Lentamente, ela tirou o seu disfarce: perpassou as mãos no rosto, retirando toda a sujeira sobre ele. Revelaram-se seus traços finos e cruéis, que um dia achei tão belos. Mas, naqueles tempos ela tinha outros olhos, olhos gentis e amigáveis, que me confortavam nos dias tristes e chuvosos. Minha querida prima e rival havia forjado a própria morte... Isso era mais difícil de engolir do que qualquer outra das coisas que já passei.
— Vovó te adorava... Ela achou que você estava morta! Ela se foi por sua culpa! Como consegue viver sabendo disso?
     Minha raiva havia passado do estado estratosférico para algo mais ameno, apesar de ainda senti-la. Thaísa logo me respondeu:
— Eu sempre quis aquele dinheiro só para mim, Charlotte. Por isso que eu planejei contra todos de nossa família, inclusive usei aquela tal de Vera para conseguir apoio em meu plano, para ter tudo só para mim! Ela e seu primo Ignotor acreditaram quando eu disse que papai havia despedido o homem. Isso provocou o ódio do Harperdeen, que fez a maior parte do trabalho para assassinar a todos por mim, junto a sua querida Vera. Ela aceitou que eu me disfarçasse no navio e a ajudasse a te matar, Charlotte, assim que ela teve de fugir dos Estados Unidos com o capitão para esconder seus crimes e os do primo. Quem pilotou o navio e causou aqueles tremores noite passada? Eu, priminha, eu somente. Convenci Vera a me ajudar e disse que dividiria a herança com ela e Ignotor no fim das contas. Planejava traí-los depois, mas agora minha prioridade é me livrar de você, Lotte!
     Ela saltou para cima de mim, sacando um revólver com estupenda velocidade de algum bolso no meio do vestido. Não podia acreditar que ela, Thaísa, minha prima mais querida, estava por trás de tudo aquilo! O tráfico do revólver, a vingança de Ignotor, as intrigas de Vera com nossa família. Tudo foi parte dos planos dela.
      Com uma raiva maior do que dá para se descrever, chutei Thaísa com toda a força no peito. Ela bateu contra a parede, mas não desistiu: lançou-se contra mim com toda a sua energia, imobilizando meus ombros. Apontou seu revólver direto em meu coração, pronta para atirar a qualquer momento.
      Mal sabia ela que, nessa batalha, eu não estava sozinha.

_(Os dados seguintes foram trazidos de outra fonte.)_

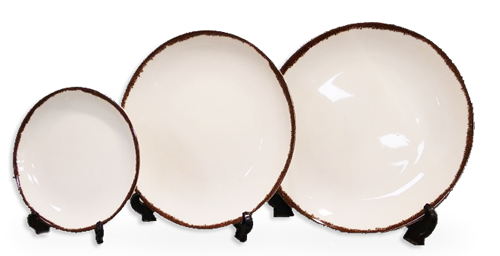 צלחת מעוצבת צבע קרם עם פס חום משופשף מסביב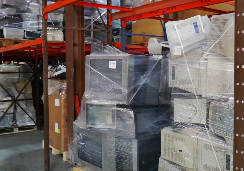 Broken electronics are baled together and covered in heavy-duty shrink wrap. The packages often weigh hundreds of pounds.

      Sherlock e Watson surgiram pelo portal da cozinha, arrombando a porta juntos. Minha prima olhou para o lado por um momento, distraída. Aproveitei a oportunidade para agarrar seu revólver, socar sua cabeça e jogá-la direto nos braços de Watson. O médico lançou-a para Sherlock Holmes que, habilmente, prendeu seus pulsos com algemas, exclamando:
— Agora, o mundo inteiro está livre de você, Thaísa!
— E nada pode mudar isso — completou o médico, cruzando os braços.
                                          •••
A brisa açoitava meu rosto. Os dois detetives apareceram ao meu lado. Agradeci-os imensamente pela ajuda com aquele caso tão complexo.
— Não há de quê — disse Watson — Sherlock trabalha mais porque quer mesmo.
      O detetive consultor nada disse, fumando seu cachimbo tranquilamente. Encaramos o horizonte. Talvez, eles pudessem fazer uma visitinha ao Brasil comigo quando chegássemos. Agora, Thaísa, Vera, Ignotor e até o capitão estavam todos na cadeia. Nada podia nos parar naquele momento.